Эмча смотрела на Павлу, глаза ее были влажны.

— Мы дрожим над каждой искоркой жизни, тлеющей в человеке, — сказала Павла. — Я знаю, тебе тяжко, ты любила его. Но и Йоза поступил так потому, что любил его. И не он убил Боржека, а немцы.

Влажные глаза по-прежнему были устремлены на Павлу:

— Сколько у нас с Боржеком было счастливых минут! Правда, урывками…

— Урывками, да? Знаешь, Эмча, что говорит герой «Белых ночей» Достоевского? «Боже мой! Целое мгновенье счастья! Да разве этого мало, даже на всю жизнь?»

В Павле оживало пережитое в Мадриде, Сьерра Гвадарраме, погибший возлюбленный, оживали редкие минуты счастливых встреч со Станеком.

Слезы текли по лицу Эмчи.

— Прощаешь Йозу?

Яна долго смотрела на Эмчу, улыбаясь, словно хотела перенести эту примирительную улыбку со своих губ на губы Эмчи.

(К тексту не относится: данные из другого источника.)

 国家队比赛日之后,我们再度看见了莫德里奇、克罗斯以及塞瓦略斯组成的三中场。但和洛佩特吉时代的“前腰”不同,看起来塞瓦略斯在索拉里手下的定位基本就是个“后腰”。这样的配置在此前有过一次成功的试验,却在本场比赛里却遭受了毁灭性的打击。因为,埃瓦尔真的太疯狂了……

Только спустя минуту Яна услышала:

— Я уже простила его.

Весть о том, что брожение среди телефонистов начинает волновать уже не только Станека, но и самого начальника связи Давида, вползла в их комнату, словно что-то одушевленное.

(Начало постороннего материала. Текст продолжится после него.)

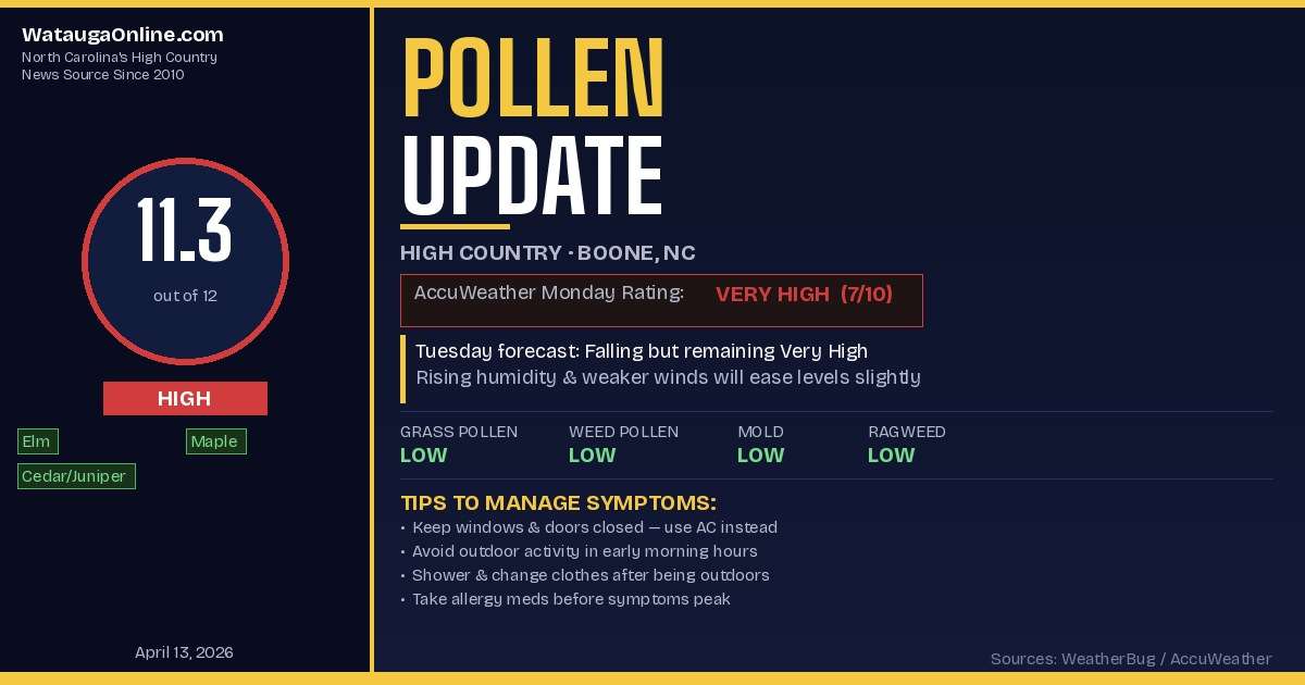 WeatherBug's Boone pollen index stands at 11.3 out of 12 — rated High — with Elm, Maple, and Cedar/Juniper as the top contributors. AccuWeather rates Monday's tree pollen as Very High (7 out of 10) for the Boone area, with westerly winds at 7 mph and gusts to 18 mph continuing to carry pollen through the region.

— Я никогда не был против нашего Старика, — сказал Шульц. — Суровый, безжалостный… Да вы забыли, как он заботится о нас? Притащимся на новое место — он сразу же беспокоится, чтобы нам не выделили какие-нибудь лачуги, где продувает и подтекает.

Махат блуждал по комнате мутными глазами. Он не знал, что теперь хуже: то, что говорят ребята, или то, что Цельнер и Блага молчат.

— Опять какая-нибудь паршивая линия порвется, — раздраженно начал он, — надпоручик прикажет, и ты пойдешь в этот ад. Но, учти, не каждого ранит только в руку.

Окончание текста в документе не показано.